2.6 Gelet op de omstandigheden ter plaatse – het perceel is nog geen hectare groot en ligt te midden van percelen met een niet-agrarische veelal recreatieve bestemming – komt een agrarische exploitatie van het perceel 3312 redelijkerwijs niet meer in aanmerking, daargelaten of zo’n exploitatie publiekrechtelijk nog is toegestaan. In ander verband spreekt het Bevrijdingsmuseum ook zelf van een geïsoleerde ligging en beperkte oppervlakte, die beide een negatieve invloed hebben op de opbrengst van een agrarische exploitatie (memorie na comparitie, eerste alinea van p. 6). Voor zover het Bevrijdingsmuseum zich op het standpunt stelt dat een agrarische exploitatie van het perceel 3312 als behoorlijk dient te worden beschouwd, heeft hij dat standpunt onvoldoende gemotiveerd.

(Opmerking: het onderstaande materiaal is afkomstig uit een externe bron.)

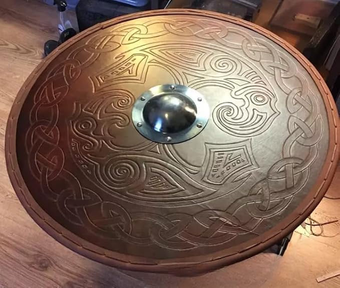 Misura 61 cm di diametro, questo scudo presenta un robusto nucleo in legno, sapientemente rivestito in pelle di alta qualità Design autentico: realizzato in legno e metallo, questo scudo presenta una forma rotonda con intricati disegni ispirati alle armature vichinghe medievali Versatile: non solo lo scudo è perfetto per cosplay, ma può anche essere utilizzato come pezzo decorativo per la casa o l'ufficio Regalo ideale: questo scudo è un ottimo regalo per gli appassionati di storia medievale, cosplay o giochi di ruolo, ed è sicuro di impressionare con il suo design intricato e la lavorazione di alta qualità Costruzione: lo scudo è sapientemente realizzato con attenzione ai dettagli, garantendo durata e longevità. Piccole variazioni possono variare a contrasto, i colori rispetto all'immagine del prodotto a causa dei processi di compilazione della fotografia. Il prodotto è puramente uguale a quello mostrato nelle immagini

2.7 Vervolgens is aan de orde de vraag of voortzetting van de huidige exploitatie van perceel 3312 als behoorlijk kan worden aangemerkt. [geïntimeerde sub 1] heeft ter gelegenheid van de comparitie van partijen verklaard dat hij voor het gebruik € 2.000,— per jaar ontvangt van de camping “De Oude Molen” en bij memorie na comparitie heeft hij in dit verband enkele producties overgelegd. Het Bevrijdingsmuseum heeft in twijfel getrokken of [geïntimeerde sub 1] een marktconforme vergoeding verlangt voor het gebruik (memorie na comparitie, laatste alinea van punt 10). Het hof gaat daaraan voorbij omdat het Bevrijdingsmuseum zijn standpunt op dit punt onvoldoende heeft gemotiveerd. In dit verband is mede van belang dat volgens hetgeen [geïntimeerde sub 1] onweersproken bij gelegenheid van de comparitie van partijen heeft aangevoerd, de camping “De Oude Molen” het perceel 3312 uitsluitend gebruikt als “overloop” en dat buiten het hoogseizoen er nauwelijks bezetting is.
2.8 Gelet op vooral de omstandigheid dat perceel 3312 bij de huidige exploitatie uitsluitend als “overloop” wordt gebruikt en er buiten het hoogseizoen nauwelijks bezetting is, alsmede in verband met de relatief beperkte inkomsten die de huidige exploitatie opleveren, alsmede in verband met de overige omstandigheden van het geval, waaronder de plaatselijke omstandigheden, kan die exploitatie niet als behoorlijk worden aangemerkt. Gelet daarop acht het hof het alleszins reëel dat [geïntimeerde sub 1] een andere wijze van exploitatie voorstaat. Daarmee staat op zichzelf nog niet vast dat het voor een behoorlijke exploitatie nodig is dat hij daartoe de thans in het bestemmingsplan geboden mogelijkheid om tien vakantiebungalows te bouwen, benut, maar een alternatief voor een zodanige behoorlijke exploitatie die de aanwijzing van een noodweg overbodig maakt of waarbij de noodweg voor de eigenaren wier erf ten behoeve van die noodweg wordt aangewezen, minder bezwaarlijk is, is door het Bevrijdingsmuseum niet aangeduid (ook niet wat betreft het aantal te bouwen bungalows) en gelet op de plaatselijke omstandigheden ligt het bestaan van een zodanig alternatief ook niet zonder meer voor de hand. In het licht van de inhoud van het bestemmingsplan en de plaatselijke omstandigheden past de bouw van recreatiewoningen binnen een normale bestemming voor perceel 3312; het tegendeel is door het Bevrijdingsmuseum ook niet betoogd.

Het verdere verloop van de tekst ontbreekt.